Because this project encourages us to record the process, this blog will not be perfect.  The components of the research project posted will be the copies I submitted to Dr. Logan for a grade – not corrected copies.  Sometimes I will be right, but more often (probably) I will be wrong.  But that’s okay.  What is important is that I learn with each assignment, expanding my base of knowledge.  It will be messy, even chaotic at times.  You will learn how nerdy I am, that my social life (what little there is to begin with) will take a backseat to this project because I get severe tunnel vision, and that if I forget to bring a sweatshirt to the fourth floor of the UCF Library, I will complain about the cold and how it makes my nose drip.  In short, the life of an English literature graduate student is decidedly unsexy.  But that’s okay too.

This blog, by its very nature, will be a strange, and perhaps uneasy, combination of academic product and personal reflections.  I am in a way, taking my cue from Anne G. Myles, whose article "From Monster to Martyr: Re-Presenting Mary Dyer" we read for our second class.  In her article, she states, “My approach to, and need for, this material is obviously informed by the fact that I encounter it as both a Quaker and lesbian reader looking for a usable past; however, these seem to me powerful, challenging dimensions in any context” (18).  The material she references is the relationship between Anne Hutchinson and Mary Dyer, and it is Myles’s hope that it can be categorized as a “’lesbian’ scene in seventeenth-century America” (18) – as based on the idea of the lesbian continuum¹.  

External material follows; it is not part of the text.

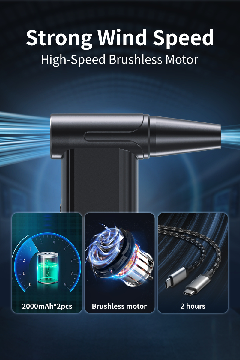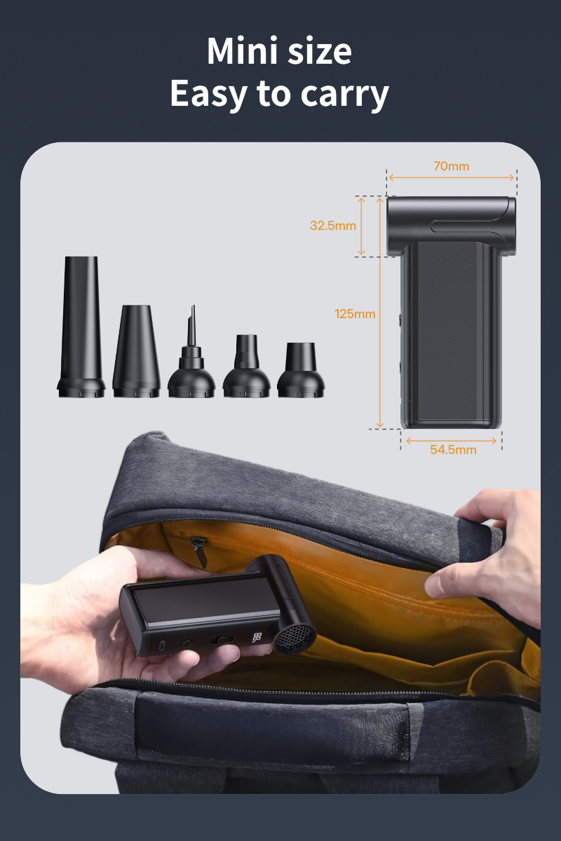 Kinzir AD51 Compressed Air Duster-130000RPM Super Power Electric Air Duster, 8-Gear Adjustable Mini Blower with Fast Charging, Dust Blower for Computer, Keyboard, House, Outdoor and Car

It is this article, and specifically the class discussion we had concerning this claim of a lesbian scene, that birthed (pun intended) my thesis: that the commonplace book Milcah Martha Moore created is a physical representation of her love for her friends, and their love for her.  That these women belong somewhere on the lesbian continuum, I am sure.  I am risking my entire research project on this claim because in a way, despite being neither a Quaker nor a lesbian such as Myles, I too am looking for a usable past.  I want to believe that despite the political, social, economical, religious, and legal restrictions women faced in seventeenth- and eighteenth-century America, they could in fact, rely on each other.  It is important to me to believe they could turn to each other for love (sexual or non-sexual), comfort, support, affection, advice, and friendship to form intimate bonds, both in spite of and despite the men involved in their lives.     

Feel free to explore my blog, and especially feel free to comment on its design and content (what little there is so far).  I hope my enthusiasm for this project is contagious, and that you, my readers, stick around until the conclusion.
¹The lesbian continuum, as Dr. Logan explained in class, is like a sliding scale.  On the one end, you have women who are friends with women, and at the other, women who have sex with other women.  I must admit that is the extent of my knowledge on this theory, so of course, I have more research to do.



Works Cited:
Myles, Anne G.  “From Monster to Martyr.”  Early American Literature 36.1 (2001):  1-30. JSTOR.  Web. 24 August 2010.